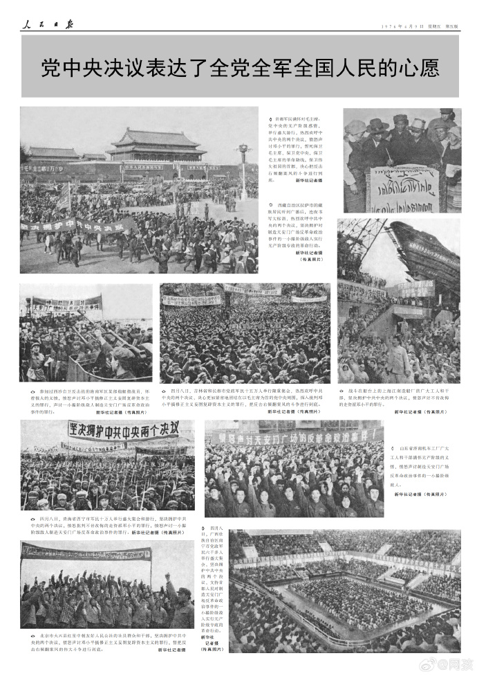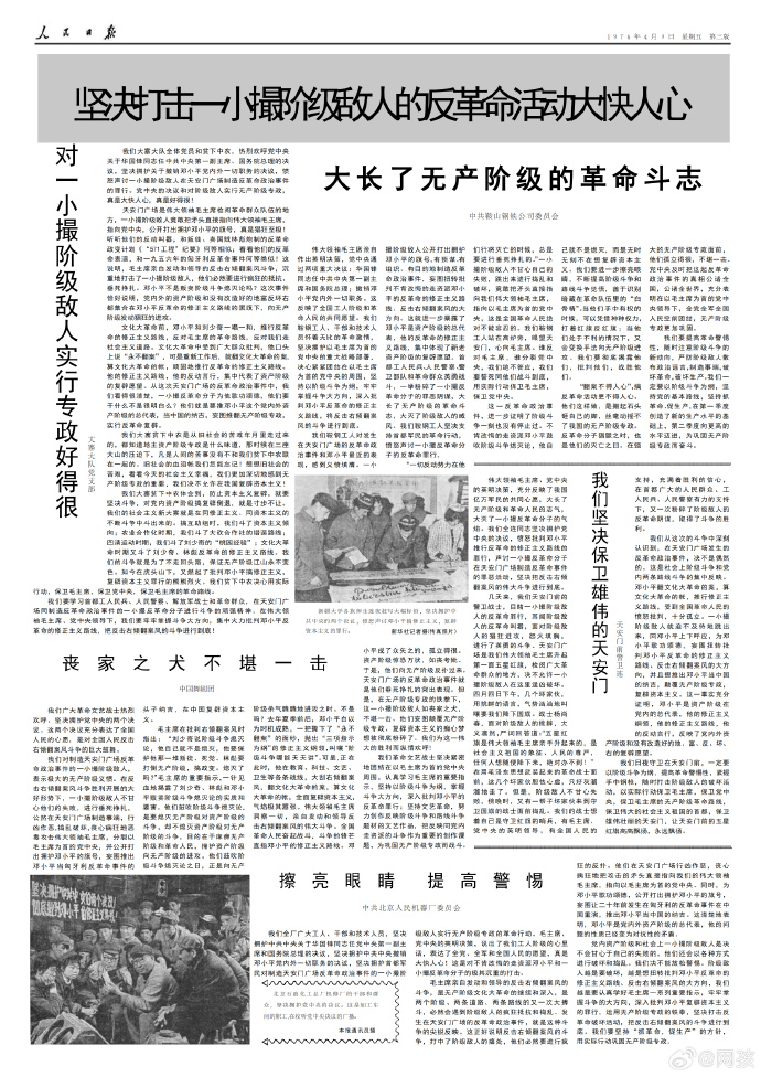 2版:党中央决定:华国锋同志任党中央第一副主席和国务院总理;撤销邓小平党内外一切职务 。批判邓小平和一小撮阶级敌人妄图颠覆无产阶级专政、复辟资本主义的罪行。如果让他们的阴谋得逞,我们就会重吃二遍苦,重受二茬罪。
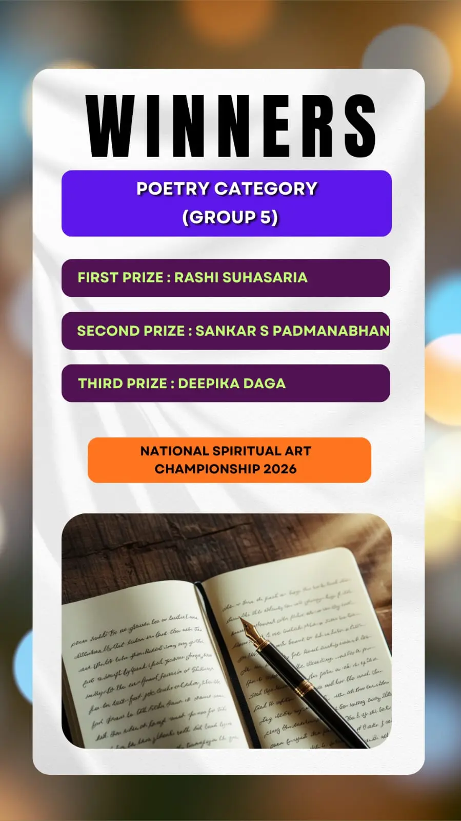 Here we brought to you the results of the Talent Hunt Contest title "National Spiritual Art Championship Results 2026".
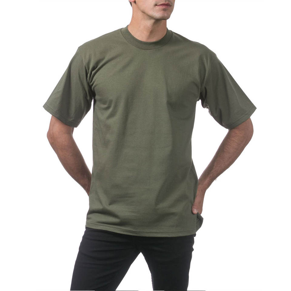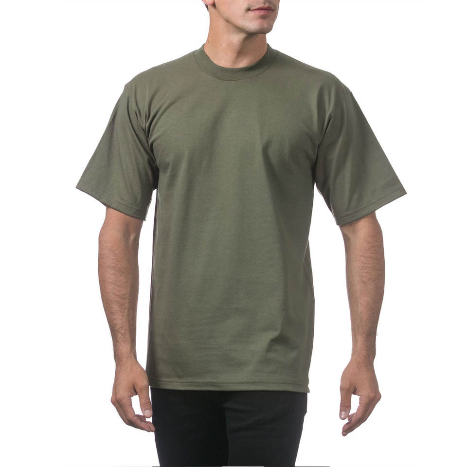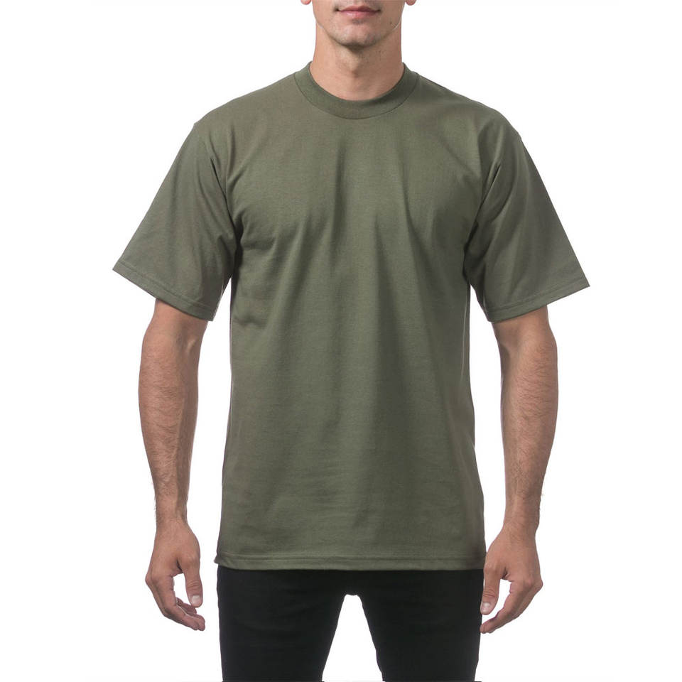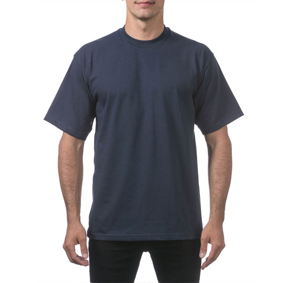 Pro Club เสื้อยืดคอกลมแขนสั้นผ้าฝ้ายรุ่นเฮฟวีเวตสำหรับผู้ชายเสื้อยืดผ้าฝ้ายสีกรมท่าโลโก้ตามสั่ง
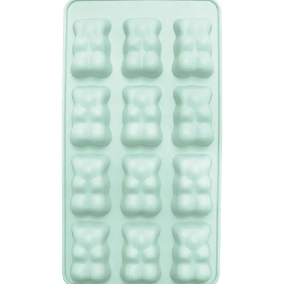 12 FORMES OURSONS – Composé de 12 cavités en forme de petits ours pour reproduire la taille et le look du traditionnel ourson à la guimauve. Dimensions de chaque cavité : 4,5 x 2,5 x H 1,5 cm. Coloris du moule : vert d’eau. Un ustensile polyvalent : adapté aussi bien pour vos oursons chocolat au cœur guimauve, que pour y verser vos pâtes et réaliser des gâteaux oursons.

- **What you are asked to do**:
Wherever an image appears in the data, omit it and repeat everything else exactly.

- **The completed task**:
 2版:党中央决定:华国锋同志任党中央第一副主席和国务院总理;撤销邓小平党内外一切职务 。批判邓小平和一小撮阶级敌人妄图颠覆无产阶级专政、复辟资本主义的罪行。如果让他们的阴谋得逞,我们就会重吃二遍苦,重受二茬罪。
 Here we brought to you the results of the Talent Hunt Contest title "National Spiritual Art Championship Results 2026".
 Pro Club เสื้อยืดคอกลมแขนสั้นผ้าฝ้ายรุ่นเฮฟวีเวตสำหรับผู้ชายเสื้อยืดผ้าฝ้ายสีกรมท่าโลโก้ตามสั่ง
 12 FORMES OURSONS – Composé de 12 cavités en forme de petits ours pour reproduire la taille et le look du traditionnel ourson à la guimauve. Dimensions de chaque cavité : 4,5 x 2,5 x H 1,5 cm. Coloris du moule : vert d’eau. Un ustensile polyvalent : adapté aussi bien pour vos oursons chocolat au cœur guimauve, que pour y verser vos pâtes et réaliser des gâteaux oursons.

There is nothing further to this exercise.